Some paintings are intended, from the artist’s first conception, to be viewed together. Yet over the following years, they are broken up or split apart. This article looks at some polyptychs that have been separated, and other paintings that came close to being destroyed altogether.
In February 1426, Masaccio was commissioned to paint a large and complex polyptych altarpiece for a chapel in the church of Santa Maria del Carmine in Pisa, and spent much of that year working on it. It appears to have been completed by the end of 1426, but in the 1700s it was dismantled and its individual paintings dispersed. Masaccio’s design was centred on The Virgin and Child with Four Angels, and this reconstruction shows how the eleven panels so far identified were probably placed. It’s thought to have originally consisted of a total of twenty panels.


Its centrepiece, The Virgin and Child with Four Angels (1426), is a fairly conventional portrait of the Virgin Mary with the infant Christ on her left knee, surrounded by four angels. Mary wears her usual deep ultramarine cloak, and Christ is eating a grape, symbolic of his future Passion. Masaccio models the faces and drapery to give them form, and although the perspective projection of the Virgin’s throne isn’t perfect, it is reasonably close; coupled with the two angels shown behind the throne, it gives further depth to the scene.

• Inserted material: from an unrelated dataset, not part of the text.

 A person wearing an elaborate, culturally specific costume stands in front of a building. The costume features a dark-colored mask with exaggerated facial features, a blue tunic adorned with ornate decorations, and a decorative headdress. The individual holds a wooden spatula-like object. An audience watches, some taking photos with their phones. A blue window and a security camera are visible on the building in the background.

The other panel of central importance is his Crucifixion (c 1426), again composed to the standard formulae. In keeping with his efforts to depict 3D space more faithfully, Masaccio has painted this in recognition of the fact that, at the top of the altarpiece, it will always be viewed from below. Accordingly Christ’s head appears to be oddly flexed at the neck, when the painting is seen from perpendicular to its picture plane. He has shaded and modelled Christ’s body, the faces, and clothes of the three Marys to give very effective depth and volume.
Sadly, we’ll never see the whole altarpiece as Masaccio intended.
Until more detailed analyses were undertaken in the late twentieth century of four of the paintings of Hieronymus Bosch, it had been assumed that they were four separate works. Key to understanding their relationship was his Wayfarer (or Pedlar), which had been turned into a separate octagonal tondo by cutting down and fastening together its two halves, which had originally formed the exterior of the triptych.
Since then the interior of the wings have been reconstructed: The Ship of Fools and Gluttony and Lust form the left wing, and Death and the Miser the right wing, as reconstructed below. As the centre panel is still missing, it’s hard to establish the overall theme of Bosch’s original triptych.


The exterior is a circular tondo showing the figure of a travelling man in the foreground, against a countryside background with a single tumbledown building.

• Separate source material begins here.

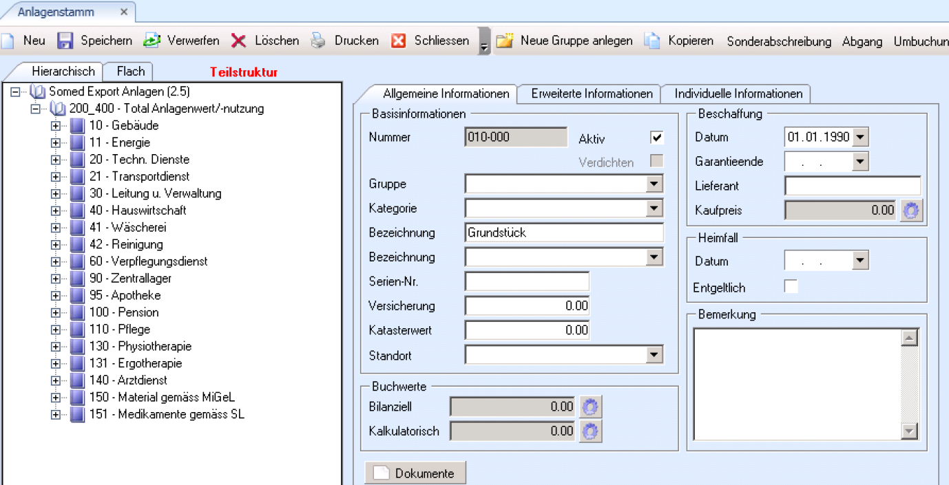 Mit der Export-Funktion SOMED Anlagenbuchhaltung können die Daten aus heim.NET in eine Datei geschrieben werden, welche in der SOMED direkt eingelesen werden kann. Dadurch erübrigt sich die manuelle Erfassung der Daten in der SOMED. Sofern die Einrichtungs-Arbeiten vollzogen sind, können die Daten mit je einer Exportfunktion aus der Anlagenbuchhaltung in eine Datei geschrieben werden. Diese Datei wird dann mittels Import-Funktion in der SOMED (via Internet) eingelesen.

The left wing shows a ‘ship of fools’ in its upper section, below which are scenes of gluttony and lust, on the water and the bank (below).


The right wing shows a frail and emaciated man in bed, being tended to by an angel, with a devil poised above him, and the figure of death coming in through the door.
What did its centrepiece show?
From 1503 to 1506, Leonardo da Vinci lived and worked in Florence, where his major project and one of the most substantial of his artistic career was a mural of the Battle of Anghiari for the Palazzo Vecchio there. This was to be accompanied by a painting of the Battle of Cascina which was painted by Michelangelo.
Leonardo received this commission soon after he arrived back in Florence, in the autumn of 1503, and worked on the cartoon during 1504. He seems to have been painting it from scaffolding in 1505, but took leave of absence from his work there in 1506, and never returned to complete it.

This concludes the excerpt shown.